What needs to be done | Leave out the pictures and copy the remaining records exactly.

Data to process |
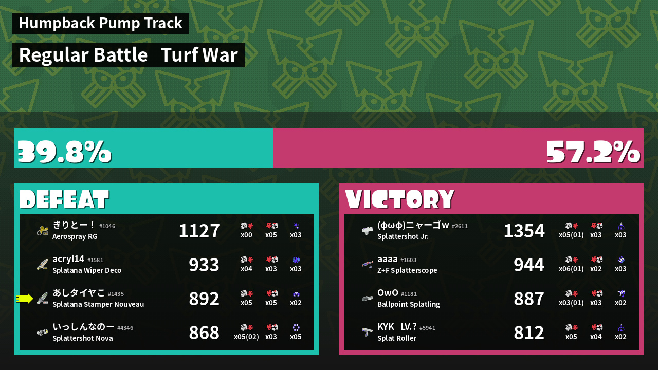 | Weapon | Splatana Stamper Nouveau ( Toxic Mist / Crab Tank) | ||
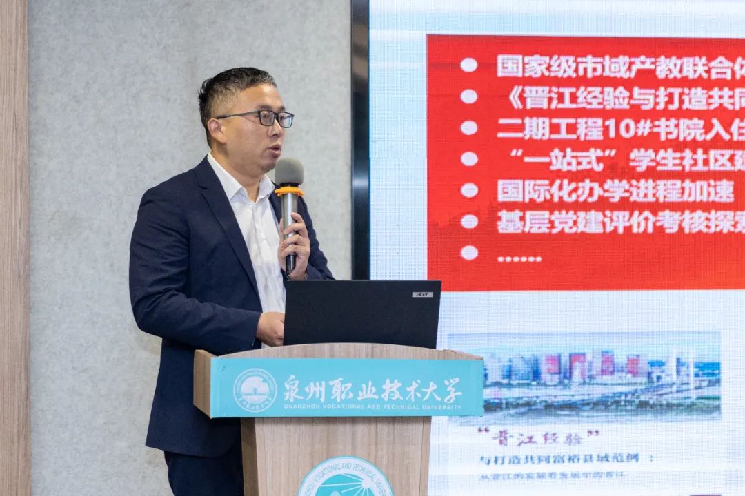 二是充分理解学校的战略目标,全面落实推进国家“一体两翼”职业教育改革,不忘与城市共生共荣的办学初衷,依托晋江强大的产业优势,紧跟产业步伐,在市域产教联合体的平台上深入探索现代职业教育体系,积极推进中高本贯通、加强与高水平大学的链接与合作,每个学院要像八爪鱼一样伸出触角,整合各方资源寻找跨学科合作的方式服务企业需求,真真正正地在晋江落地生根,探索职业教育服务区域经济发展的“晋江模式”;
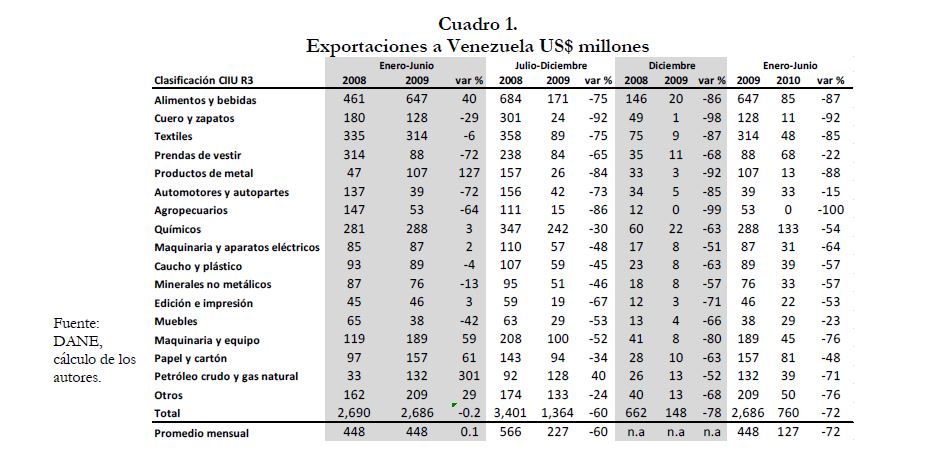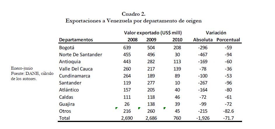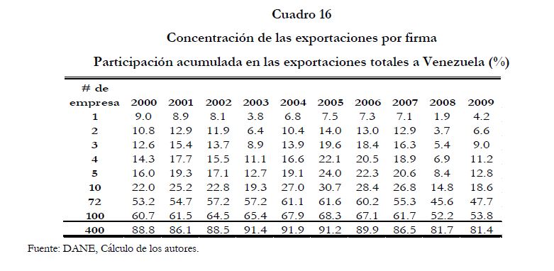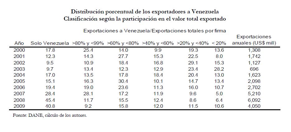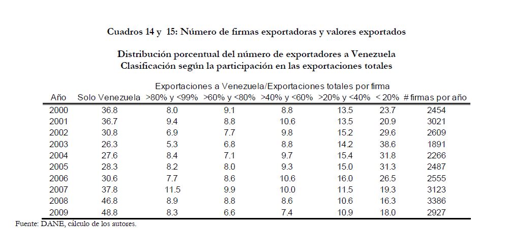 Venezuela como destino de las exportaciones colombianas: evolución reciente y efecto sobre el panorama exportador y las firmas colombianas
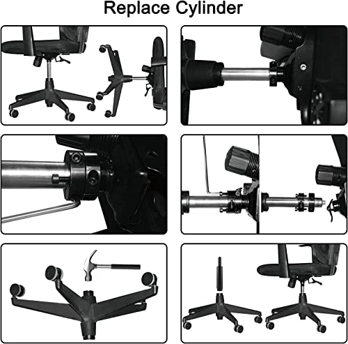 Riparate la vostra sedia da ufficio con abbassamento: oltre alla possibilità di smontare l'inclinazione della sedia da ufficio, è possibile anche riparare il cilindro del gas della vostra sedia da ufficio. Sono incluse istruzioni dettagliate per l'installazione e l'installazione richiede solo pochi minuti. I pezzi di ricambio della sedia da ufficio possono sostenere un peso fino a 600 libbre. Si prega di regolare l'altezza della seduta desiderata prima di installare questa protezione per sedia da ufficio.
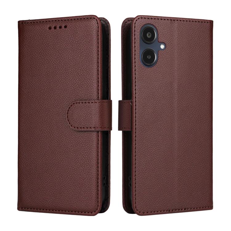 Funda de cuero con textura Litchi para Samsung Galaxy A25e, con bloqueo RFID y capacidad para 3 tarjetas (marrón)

Solved problem |
 | Weapon | Splatana Stamper Nouveau ( Toxic Mist / Crab Tank) | ||
 二是充分理解学校的战略目标,全面落实推进国家“一体两翼”职业教育改革,不忘与城市共生共荣的办学初衷,依托晋江强大的产业优势,紧跟产业步伐,在市域产教联合体的平台上深入探索现代职业教育体系,积极推进中高本贯通、加强与高水平大学的链接与合作,每个学院要像八爪鱼一样伸出触角,整合各方资源寻找跨学科合作的方式服务企业需求,真真正正地在晋江落地生根,探索职业教育服务区域经济发展的“晋江模式”;
 Venezuela como destino de las exportaciones colombianas: evolución reciente y efecto sobre el panorama exportador y las firmas colombianas
 Riparate la vostra sedia da ufficio con abbassamento: oltre alla possibilità di smontare l'inclinazione della sedia da ufficio, è possibile anche riparare il cilindro del gas della vostra sedia da ufficio. Sono incluse istruzioni dettagliate per l'installazione e l'installazione richiede solo pochi minuti. I pezzi di ricambio della sedia da ufficio possono sostenere un peso fino a 600 libbre. Si prega di regolare l'altezza della seduta desiderata prima di installare questa protezione per sedia da ufficio.
 Funda de cuero con textura Litchi para Samsung Galaxy A25e, con bloqueo RFID y capacidad para 3 tarjetas (marrón)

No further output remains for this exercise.